Отец в кабинете. На столе раскрытая Библия и бутылка виски. Он держит его, семилетнего, за подбородок, заставляя смотреть на распятие.

— Видишь, сынок? Он страдал за грехи других. А ты... — Пауза. Глаза отца пустые, как дно стакана. — Ты будешь страдать за свои.

Сейчас, в этом доме, пахнущем апельсиновым воском от свечей, которые Минхо жёг перед экзаменами на удачу, Хёнджин чувствовал себя грязнее, чем тогда. Он испачкает эти стены, отравит этот воздух, разрушит младшего, даже не заметив. — Дыши, — Минхо прижал его ладонь к своей груди. Под пальцами рёбра, сердце, жизнь. — Вот так. Вместе со мной. Хёнджин снова и снова пытался вырваться. Привычка, рефлекс, упорное не имеешь права к нему прикасаться, но Минхо не отпустил. Вместо этого его пальцы запутались в тёмных волосах, такие грубые, но почему-то ощущающиеся самыми нежными. — Я не святой и не дурак. Я знаю, кто ты и всё равно... Гром заглушил конец фразы, но Хёнджин понял. Он вдруг увидел их обоих со стороны: себя, сжавшегося, дрожащего, с красными глазами, как ребёнок, как тот ребёнок и Минхо, не святого, не наивного, а такого же сломанного. Хван вцепился в его свитер – олени, чёрт возьми, олени – пряча лицо в сгибе его шеи. Младший пах чаем, всегда пах, даже когда злился. Даже когда Хёнджин не заслуживал ничего из этого.

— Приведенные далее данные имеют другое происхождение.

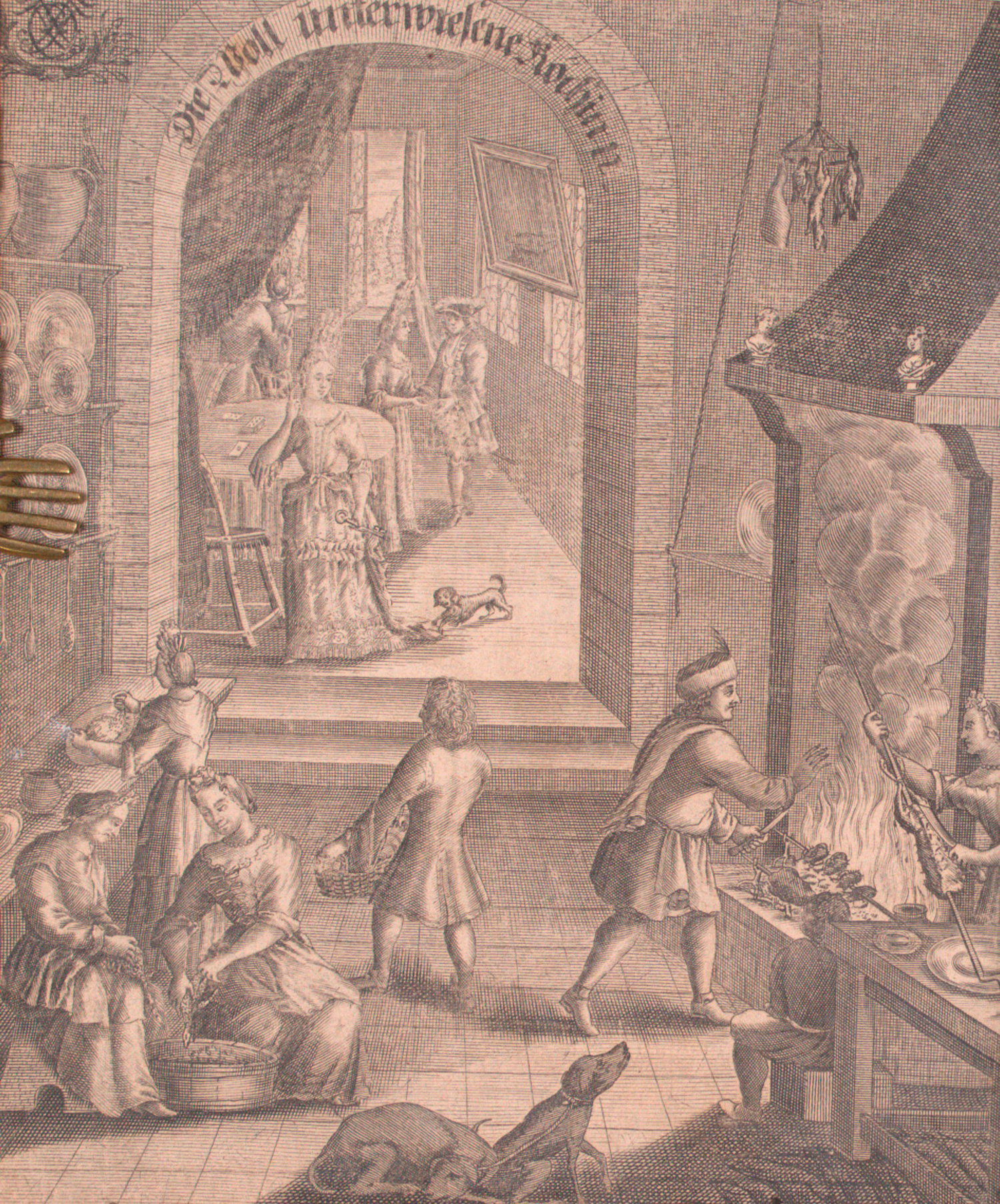 Schellhammer, Maria Sophia. Die wol unterwiesene Köchinn. Teil I-II in 1 Band. 15 Bl., 599 S.; 4 Bl., 224 S., 4 Bl. Mit 2 gestochenen Frontispizen und 22 Kupfertafeln. Titel in Schwarz und Rot. 20 x 16 cm. Pergament d. Z. (leicht berieben und fleckig) mit hs. RTitel und spanischen Kanten. Braunschweig, Christoph Friedrich Fickels, 1704-1706.

Отец на кухне. Полумрак. Запах ладана и снова чего-то крепкого.

— Ты думаешь, если будешь плакать, тебя пожалеют? — Холодные пальцы впиваются в его щёки. — Ты сын священника, ты должен быть крепче.

— Да, отец. — Двенадцатилетний Хёнджин глотает слезы. Они жгут горло, как кислота.

Сейчас слёзы жгут так же сильно, но Минхо не отпускает.

Отец в пустом храме. Напротив них статуя распятого Иисуса, а в руке мужчины розги.

— Грех, сын мой, это не просто ложь. Это слабость. — Рука на его плече тяжёлая, горячая. Как капающий на голую кожу раскалённый металл. — Ты не должен позволять себе слабости.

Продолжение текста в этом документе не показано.